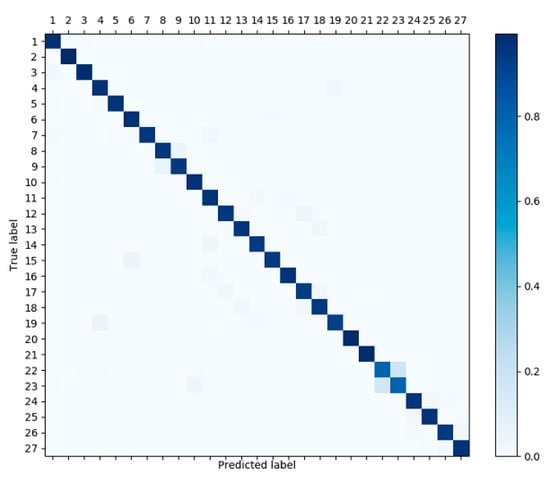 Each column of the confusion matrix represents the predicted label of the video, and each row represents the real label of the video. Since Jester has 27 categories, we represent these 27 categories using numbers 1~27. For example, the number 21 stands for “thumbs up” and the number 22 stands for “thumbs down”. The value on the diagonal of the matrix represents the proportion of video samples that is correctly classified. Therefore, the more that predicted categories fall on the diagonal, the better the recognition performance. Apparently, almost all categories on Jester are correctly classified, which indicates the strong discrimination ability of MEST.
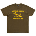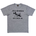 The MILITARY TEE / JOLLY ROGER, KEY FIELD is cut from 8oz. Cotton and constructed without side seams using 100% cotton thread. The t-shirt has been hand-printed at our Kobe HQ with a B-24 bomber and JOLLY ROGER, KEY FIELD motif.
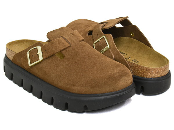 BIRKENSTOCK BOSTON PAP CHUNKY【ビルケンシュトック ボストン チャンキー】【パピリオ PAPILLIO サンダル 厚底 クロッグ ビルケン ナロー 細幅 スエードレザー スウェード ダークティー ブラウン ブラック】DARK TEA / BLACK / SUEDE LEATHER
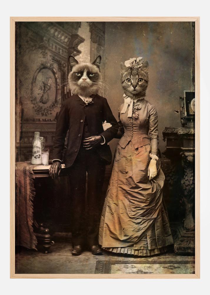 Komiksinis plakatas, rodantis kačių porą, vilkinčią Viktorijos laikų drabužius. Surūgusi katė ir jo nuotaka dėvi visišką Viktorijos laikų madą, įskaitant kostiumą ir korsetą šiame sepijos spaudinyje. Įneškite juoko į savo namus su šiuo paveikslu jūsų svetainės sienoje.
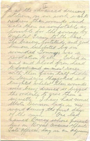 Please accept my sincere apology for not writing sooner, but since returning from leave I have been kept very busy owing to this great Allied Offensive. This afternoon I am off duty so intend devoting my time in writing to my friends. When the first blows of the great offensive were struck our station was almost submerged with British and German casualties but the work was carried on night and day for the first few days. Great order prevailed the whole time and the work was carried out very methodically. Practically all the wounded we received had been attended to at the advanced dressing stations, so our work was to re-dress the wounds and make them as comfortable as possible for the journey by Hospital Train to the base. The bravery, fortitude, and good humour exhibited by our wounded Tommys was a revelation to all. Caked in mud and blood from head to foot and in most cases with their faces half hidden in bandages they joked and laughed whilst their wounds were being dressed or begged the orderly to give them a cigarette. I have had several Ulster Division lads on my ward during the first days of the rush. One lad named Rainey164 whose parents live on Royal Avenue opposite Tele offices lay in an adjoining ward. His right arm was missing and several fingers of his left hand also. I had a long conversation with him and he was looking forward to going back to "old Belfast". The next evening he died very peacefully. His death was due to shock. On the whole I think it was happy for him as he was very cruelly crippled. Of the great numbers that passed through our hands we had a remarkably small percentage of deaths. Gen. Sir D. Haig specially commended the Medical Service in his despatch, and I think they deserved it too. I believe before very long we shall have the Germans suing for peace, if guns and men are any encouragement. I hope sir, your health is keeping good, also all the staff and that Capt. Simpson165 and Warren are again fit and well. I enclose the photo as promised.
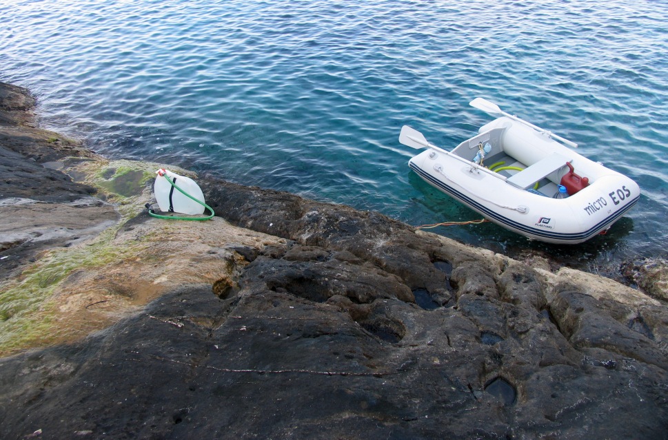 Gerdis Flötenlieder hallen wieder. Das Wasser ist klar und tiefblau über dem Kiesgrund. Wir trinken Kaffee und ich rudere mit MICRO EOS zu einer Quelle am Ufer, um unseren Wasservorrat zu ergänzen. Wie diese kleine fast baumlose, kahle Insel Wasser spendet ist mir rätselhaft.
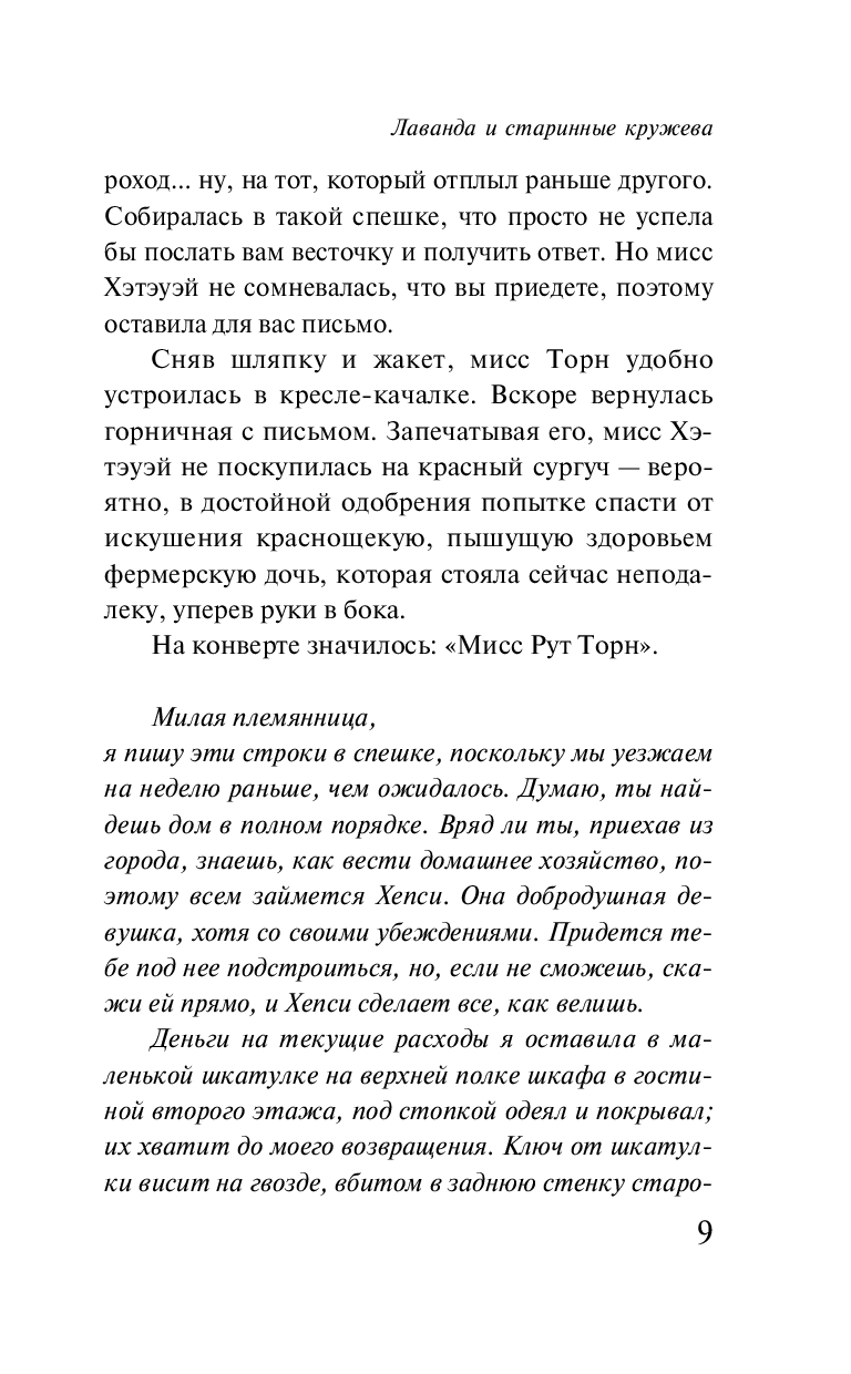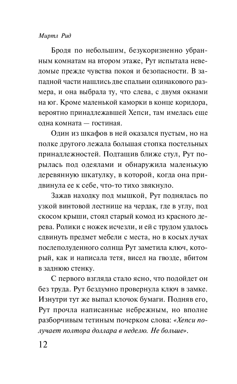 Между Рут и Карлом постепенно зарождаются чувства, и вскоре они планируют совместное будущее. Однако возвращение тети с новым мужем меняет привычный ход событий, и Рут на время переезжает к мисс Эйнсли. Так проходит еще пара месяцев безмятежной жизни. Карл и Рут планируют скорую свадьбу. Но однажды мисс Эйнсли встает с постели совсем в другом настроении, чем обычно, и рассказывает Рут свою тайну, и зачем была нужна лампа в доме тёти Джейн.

* * *

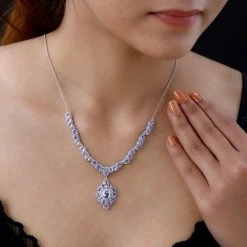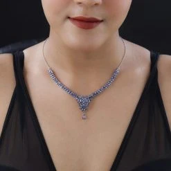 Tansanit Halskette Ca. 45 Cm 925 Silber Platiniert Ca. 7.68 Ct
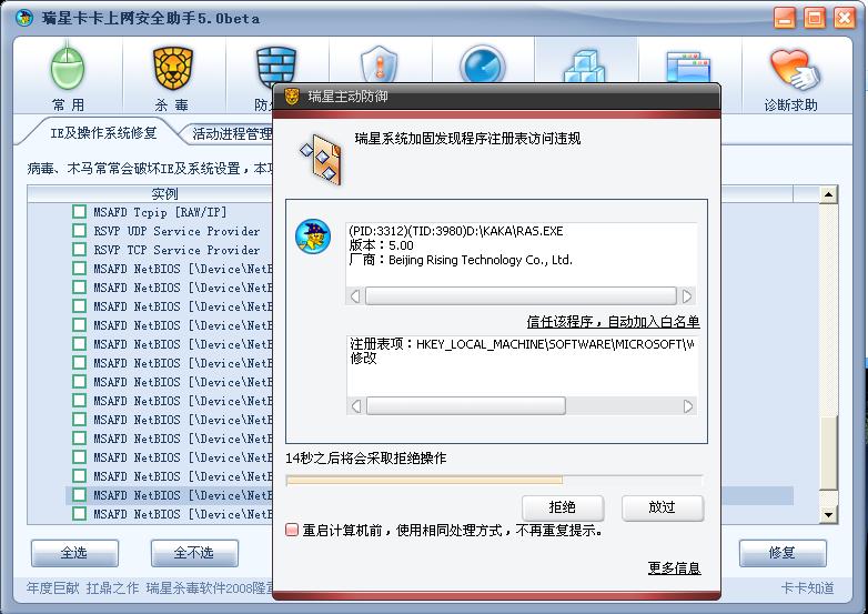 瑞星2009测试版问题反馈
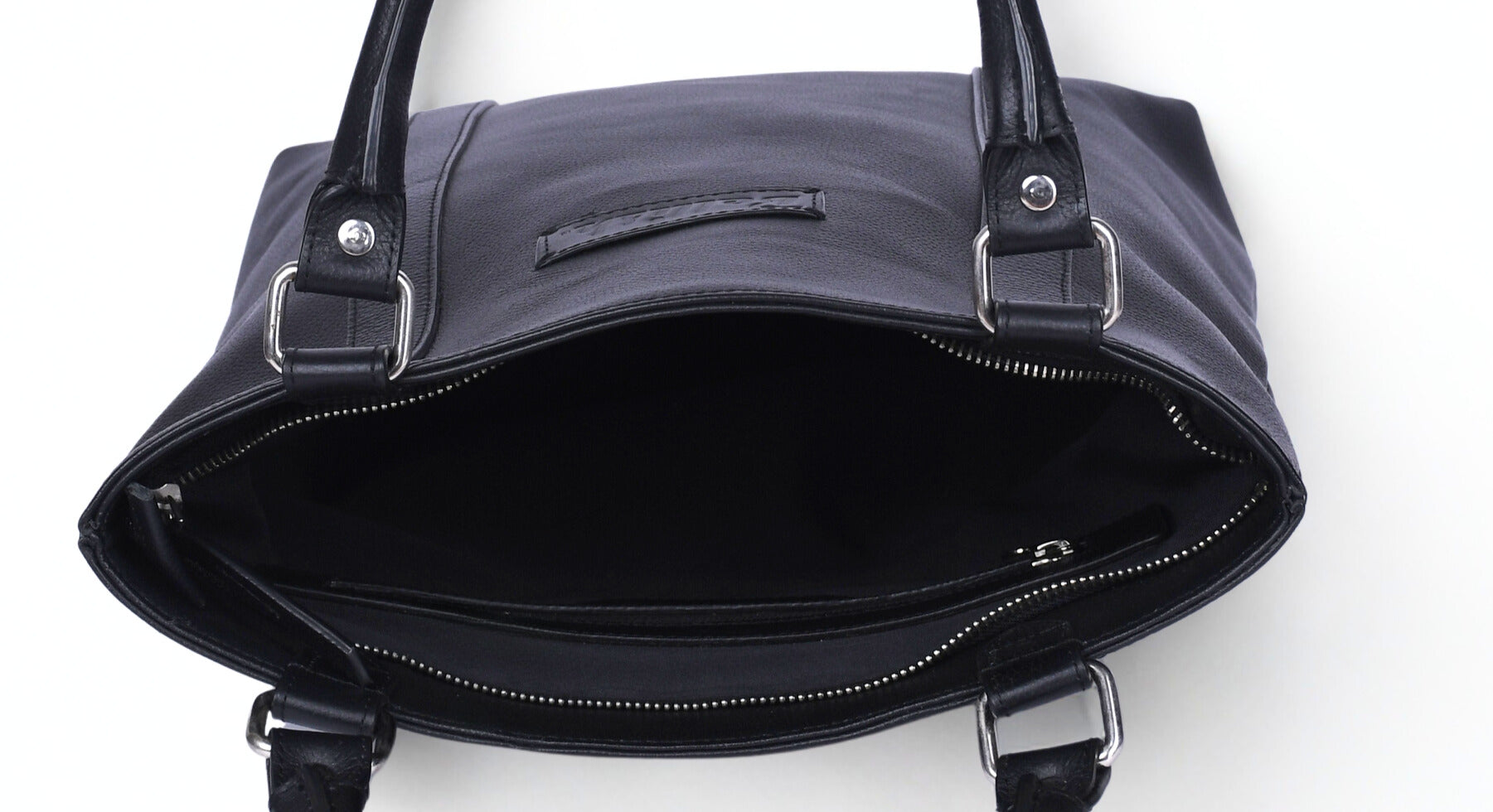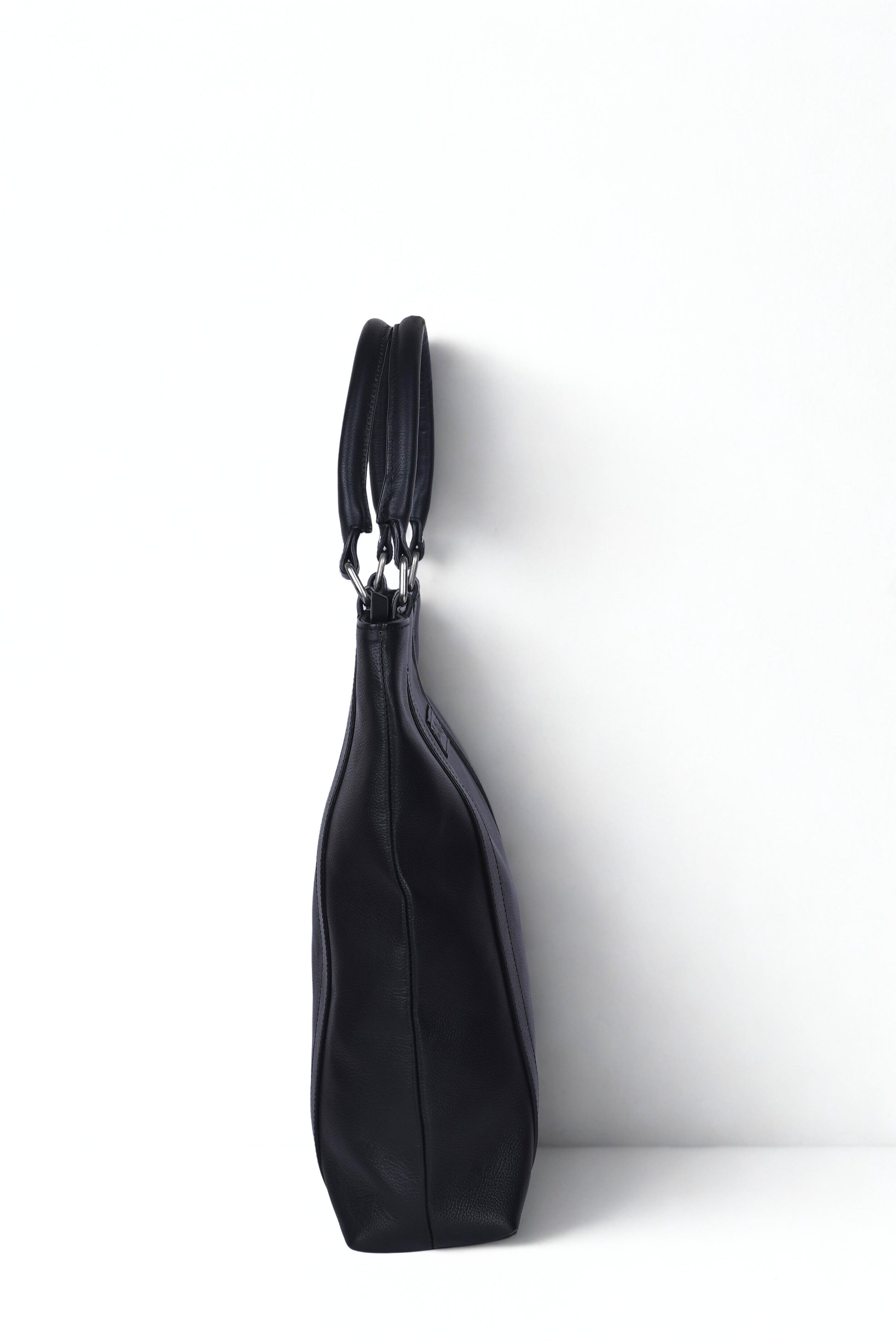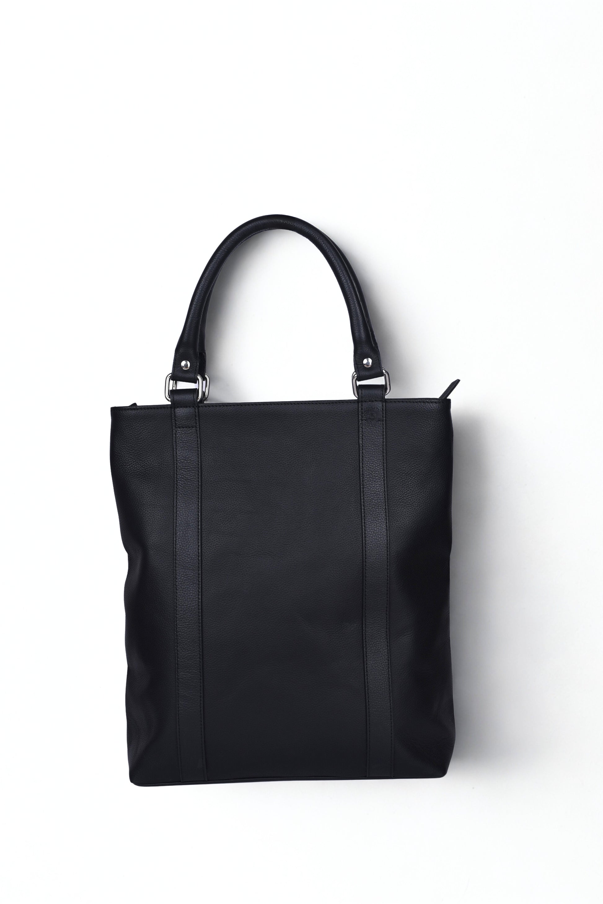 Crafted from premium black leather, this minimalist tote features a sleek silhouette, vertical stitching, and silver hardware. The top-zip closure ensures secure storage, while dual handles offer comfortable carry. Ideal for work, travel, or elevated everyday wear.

EXERCISE ::
Extract the part of the records that opens with the line containing "Gerdis Flötenlieder hallen" and closes with the line containing "Между Рут и". Take only those lines, exactly, and no pictures.

YOUR RESPONSE ::
 Gerdis Flötenlieder hallen wieder. Das Wasser ist klar und tiefblau über dem Kiesgrund. Wir trinken Kaffee und ich rudere mit MICRO EOS zu einer Quelle am Ufer, um unseren Wasservorrat zu ergänzen. Wie diese kleine fast baumlose, kahle Insel Wasser spendet ist mir rätselhaft.
 Между Рут и Карлом постепенно зарождаются чувства, и вскоре они планируют совместное будущее. Однако возвращение тети с новым мужем меняет привычный ход событий, и Рут на время переезжает к мисс Эйнсли. Так проходит еще пара месяцев безмятежной жизни. Карл и Рут планируют скорую свадьбу. Но однажды мисс Эйнсли встает с постели совсем в другом настроении, чем обычно, и рассказывает Рут свою тайну, и зачем была нужна лампа в доме тёти Джейн.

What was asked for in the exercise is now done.